В болдинской лирике адресация слова обретает особое значение. Она размыкает трагическое уединение мысли. Она воздвигает мост над пропастью, разделяющей прошлое и настоящее. Уже в самом обращении к адресату, реальному или условному, заключена своеобразная энергия преодоления трагического разлада с миром и того разобщения с ним, которое порождается исповедальной сосредоточенностью сознания.

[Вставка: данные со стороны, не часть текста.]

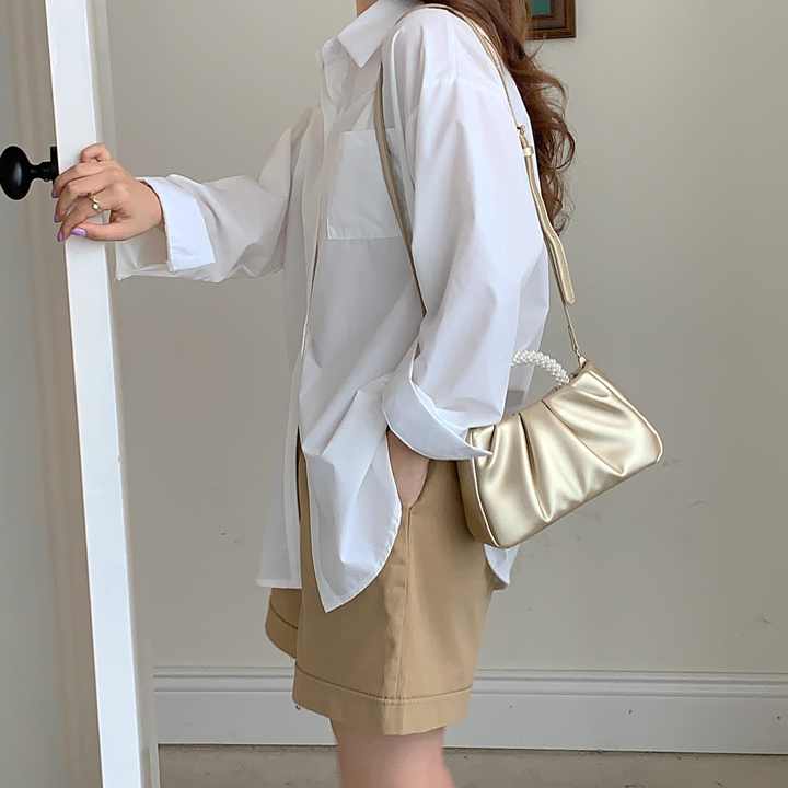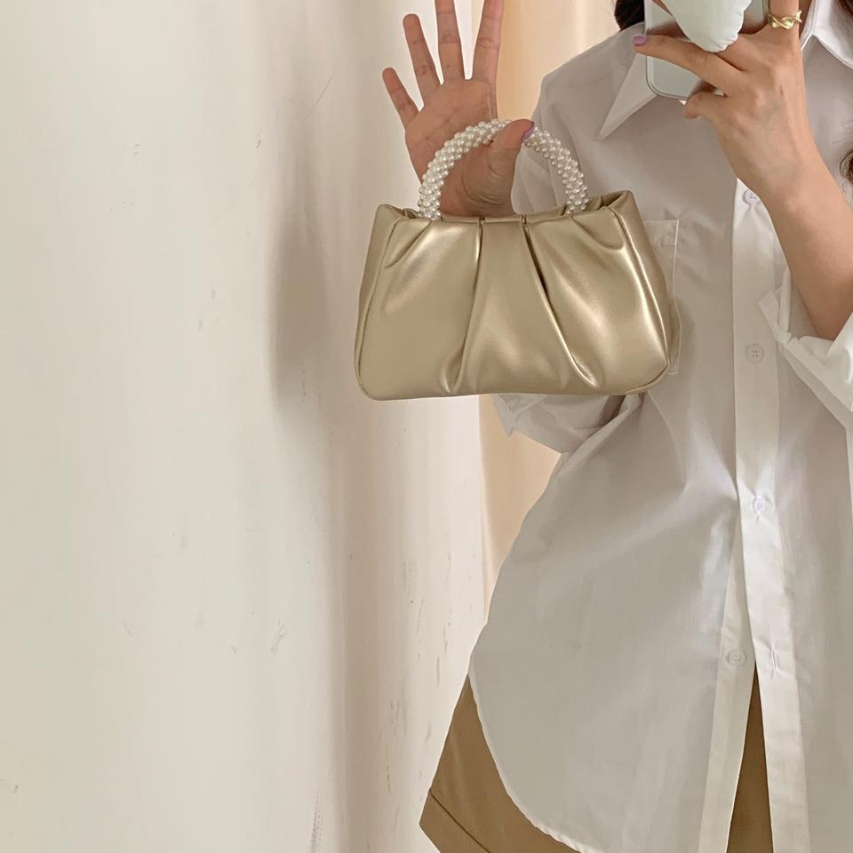 French Pleated PU Leather Shell Handbag Women Candy Pattern Polyester Lining High-End 'Gentle Wind' Crossbody Pearl Cloud Bag
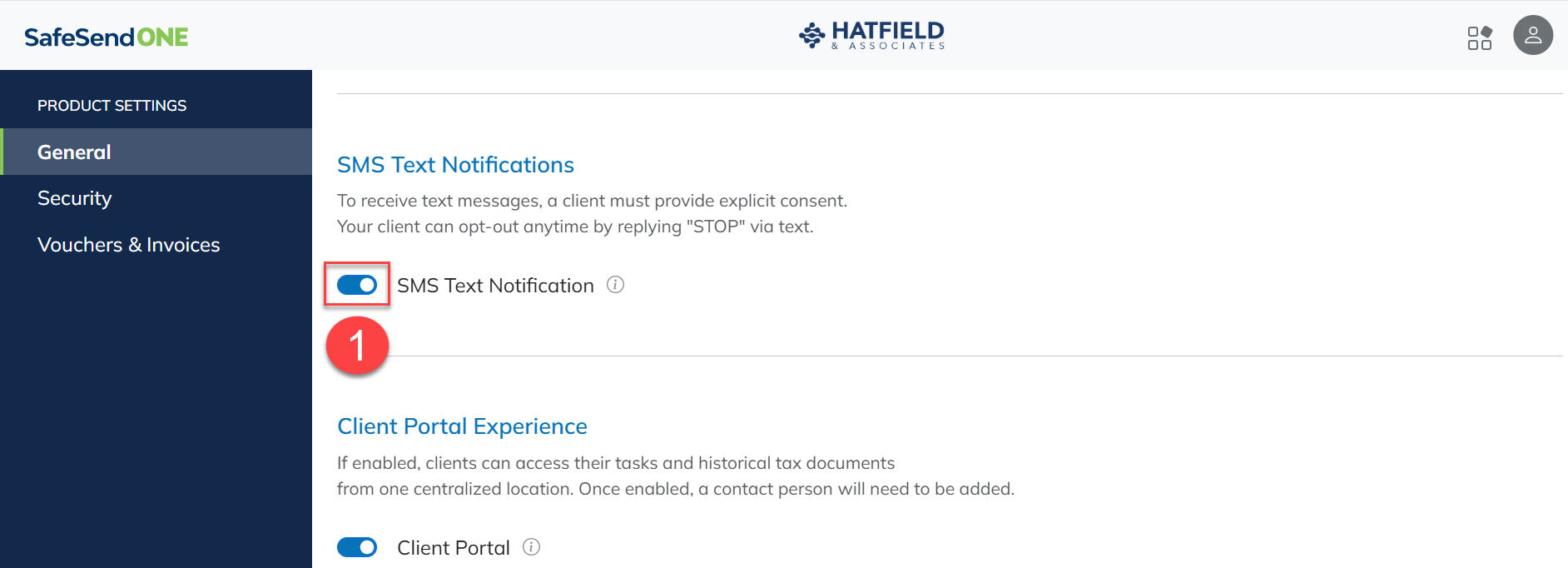 - Toggle SMS Text Notifications to On to provide the option for clients to receive signer reminders via text message.
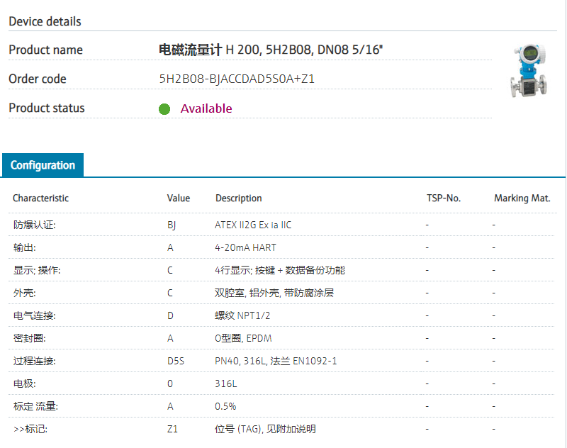5H2B08-BJACCDAD5S0A 订货号 5H2B08-4MU3/0 扩展订货号 (5H2B08-BJACCDAD5S0A) 名称 电磁流量计 H 200, 5H2B08, DN08 5/16" 防爆认证: BJ ATEX II2G Ex ia IIC 输出: A 4-20mA HART 显示; 操作: C 4行显示; 按键 + 数据备份功能 外壳: C 双腔室, 铝外壳, 带防腐涂层 电气连接: D 螺纹 NPT1/2 密封圈: A O型圈, EPDM 过程连接: D5S PN40, 316L, 法兰 EN1092-1 电极: 0 316L 标定 流量: A 0.5%
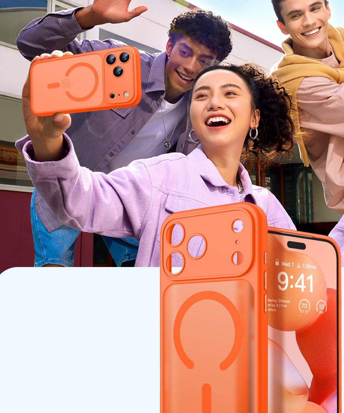 Wbudowany pierścień MagSafe umożliwia szybkie i pewne mocowanie akcesoriów kompatybilnych z tą technologią, takich jak ładowarki, portfele czy uchwyty samochodowe. Metalowe elementy pierścienia wbudowane w etui są odpowiednio rozmieszczone, by zapewnić idealne dopasowanie i stabilność montowanych dodatków. Pierścień MagSafe nie wpływa na codzienne użytkowanie, a same akcesoria można łatwo i szybko doczepić oraz zdemontować.
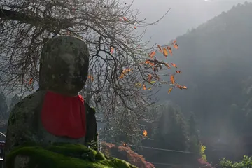 落葉が進んだ桜の木の下にたたずむお地蔵さまにも朝霧が掛かり、いい秋の風情ですね。
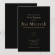 Um convite de Bar Mitzvah elegante e moderno com texto em dourado num fundo preto e um adorno de estrela simples. Outros itens para o evento também disponíveis.
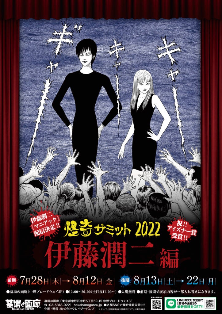 マンガ、アニメ、特撮などを始めとするサブカルチャーをテーマとした企画展を開催・運営している株式会社クレイジーバンプは7月28日(木)〜8月22日(月)の期間で開催中の【怪奇サミット2022 伊藤潤二編】(https://hakabanogarou.jp/archives/31287)の会期後半の情報を公開致します。
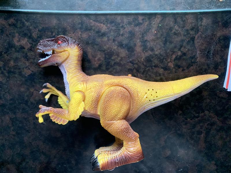 Динозавр в ідеальному стані, працює від батарейок. Їздить, світиться, видає звуки.
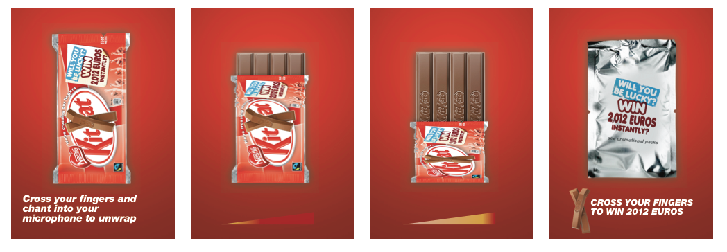 Interactive Banner. By singing or chanting into your computer microphone for 20.12 seconds, the Kit Kat unwraps to reveal if you are a winner.
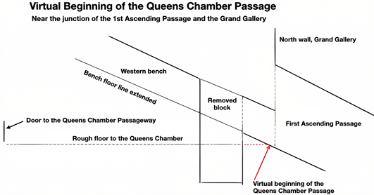 The beginning of this passage system starts, apparently, where the Queens Chamber passage floor touches the north wall of the Grand Gallery virtually, pictured in Figure 15.
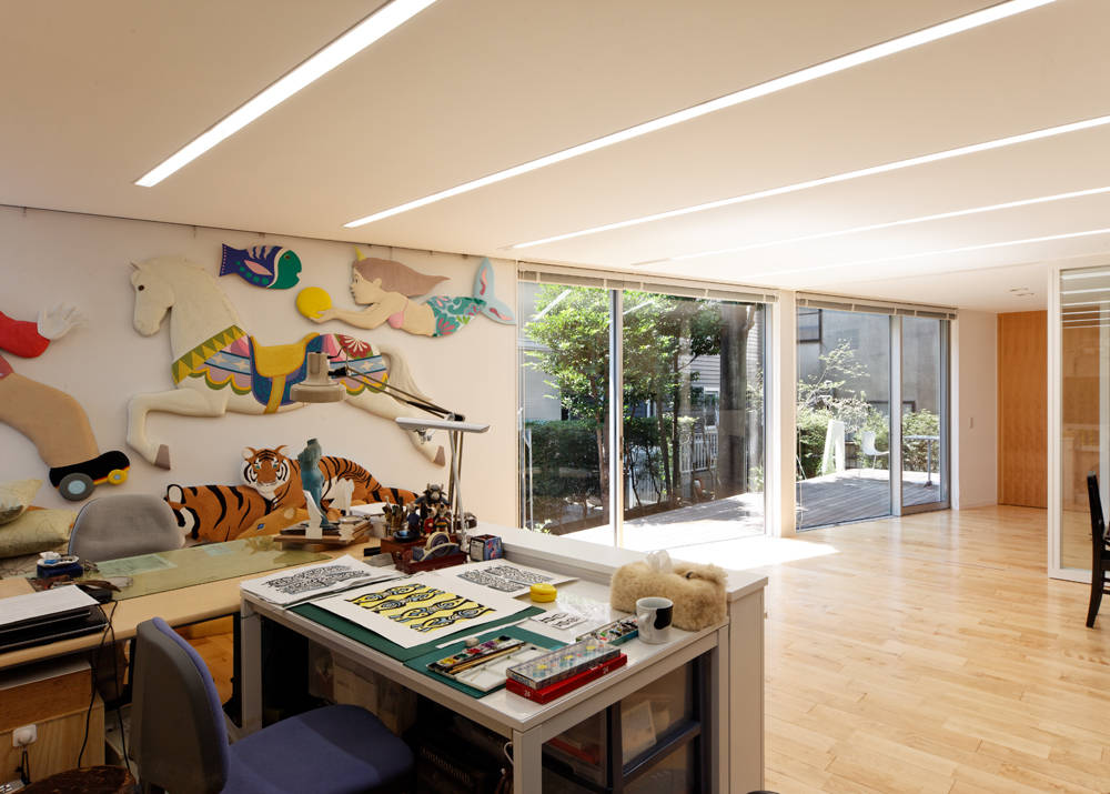 東京閑静な住宅街に建つ2世帯住宅。アトリエやホームオフィスを内包した多機能な住宅。photo : 日暮 雄一
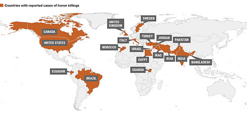 因為媒體報道的偏向性導(dǎo)致很多人認(rèn)為榮譽謀殺僅存在于信仰伊斯蘭教的地區(qū),但是其實這是一個誤解,也使得很多非伊斯蘭地區(qū)的榮譽謀殺行為難以獲得關(guān)注。比如在意大利,黑手黨家族就會對破壞家族榮譽的人進行榮譽謀殺。
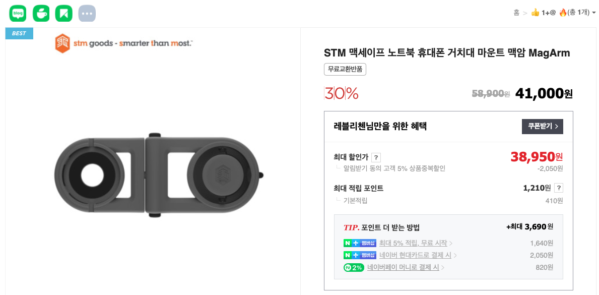 RJ컨셉스토어의 MOFT 스냅 거치대는 떼어내서 벽에다 붙이기로 하고 새해가 밝으면 STM MagArm 2개
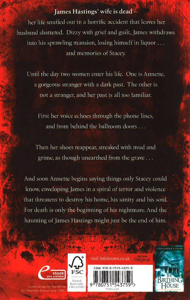 James Hastings' wife is dead - her life snuffed out in a horrific accident that leaves her husband shattered. Dizzy with grief and guilt, James withdraws into his sprawling mansion, losing himself in liquor . . . and memories of Stacey.Until the day two women enter his life. One is Annette, a gorgeous stranger with a dark past. The other is not a stranger, and her past is all too familiar.First her voice echoes through the phone lines, and from behind the ballroom doors . . .Then her shoes reappear, streaked with mud and grime, as though unearthed from the grave . . . And soon Annette begins saying things only Stacey could know, enveloping James in a spiral of terror and violence that threatens to destroy his home, his sanity, and his soul. For death is only the beginning of his nightmare. And the haunting of James Hastings might just be the end of him.
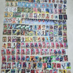 En samling fotbollskort med olika spelare och lag. Perfekt för samlare och fotbollsentusiaster.
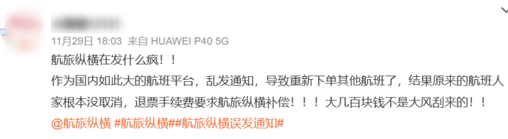近日,多位网友反映,在11月29日下午15:00左右收到来自航旅纵横的航班取消提醒,部分用户在重新购票后才发现,实际航班并未取消,而是由于航旅纵横出现系统故障,推送了错误信息。不少用户因此额外承担了票价差价及退票手续费。
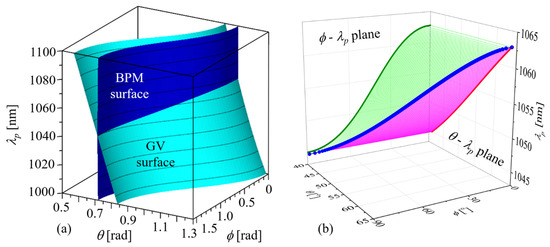 Each subscript g in Equation (7) represents the group index. Now, the Type II EPM shown in Figure 1a is defined as Equations (1) and (7) being satisfied simultaneously. Each of these equations is a function of three variables: the pump wavelength (λp), θ, and ϕ. Therefore, by solving a system of Equations (1) and (7) while changing λp, we can obtain the solution set of θ and ϕ, i.e., the direction of pump wave vector for the Type II EPM at the given λp. Thus, by sweeping the pump wave vector along the direction characterized by the solution set of θ and ϕ, we can continuously tune the resonant λp. This means that the spectral position of a photon pair can be selectively determined or tuned within the range of the solution sets while maintaining the high spectral purity of biphoton states. In contrast, for PPKN, Type II EPM can only be achieved at a single wavelength [18].
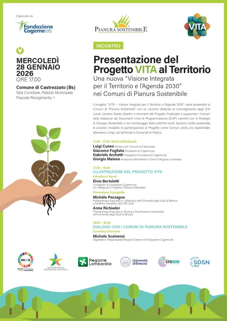 Nell’ambito del percorso triennale del Progetto Pianura Sostenibile, Fondazione Cogeme ets è lieta di invitare sindaci, amministratori, tecnici comunali e stakeholder del territorio all’incontro di presentazione del Progetto VITA – Visione Integrata per il Territorio e l’Agenda 2030, in programma mercoledì 28 gennaio 2026, alle ore 17:00, presso la Sala Consiliare del Comune di Castrezzato.
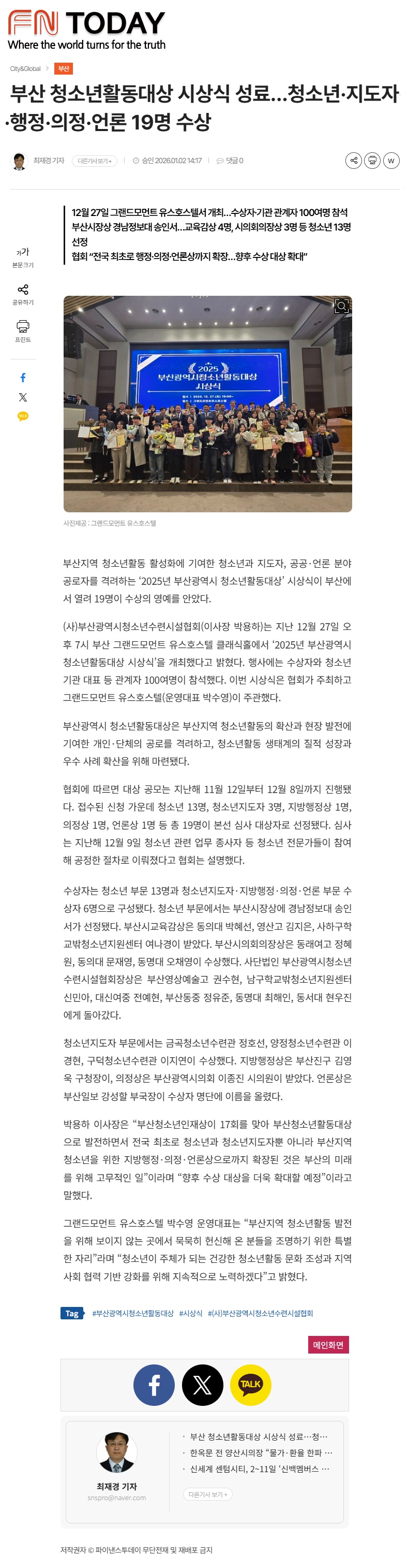 2026년 01월 02일자 [파이낸스투데이] 부산 청소년활동대상 시상식 성료…청소년·지도자·행정·의정·언론 19명 수상
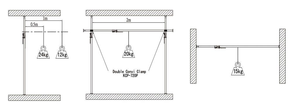 – Picture 1&2 are valid for using with rigid floor and ceilings, and with the rubber pad attached on the rubber cover.
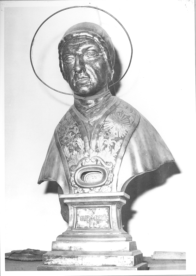 La scultura si sviluppa sopra un supporto rettangolare nel cui specchio fontale è incisa una scritta. Sul petto bel busto è l'ovale con la teca pe le reliquie

Далеко не случайно, что именно на переломе лирического размышления в болдинской «Элегии», именно там, где вспыхивает волевое усилие мысли, превозмогающей жизненный мрак, возникает и обращение к адресату, хотя бы и условному: «Но не хочу, о други, умирать».
«Прощальные» стихотворения Пушкина — не только утверждение разлуки с прошлым, но и подтверждение живой связи с ним. Только этим и можно объяснить то изумительное «ясновиденье» поэта, которое, прикасаясь к минувшему, оживляет его опаляющие душу подробности. Вопрос лишь в том, как выражается эта связь и в чем ее смысл. Обращение к умершей возлюбленной в «Заклинании» и в «Для берегов отчизны дальной…» создает особый трагический контраст мертвого и живого, живой мучительной памяти и безжизненности «возлюбленной тени», человеческой судьбы, похищенной смертью. Но к мертвому здесь обращаются как к живому. Над всевластием смерти торжествует память и воскрешающая сила искусства. Пушкин, как уже говорилось, не питает никаких иллюзий насчет романтической вечной любви. Но его прощальная лирика убеждает в том, что если нельзя вернуть минувшее и сохранить навсегда первозданную силу чувства, то нельзя и вычеркнуть его из «книги бытия», даже на переломе судьбы, ибо оно стало звеном в ее нерасчленимой цепи. «Но строк печальных не смываю» — эти слова пушкинского «Воспоминания» можно было бы поставить эпиграфом к «прощальной» лирике болдинской поры.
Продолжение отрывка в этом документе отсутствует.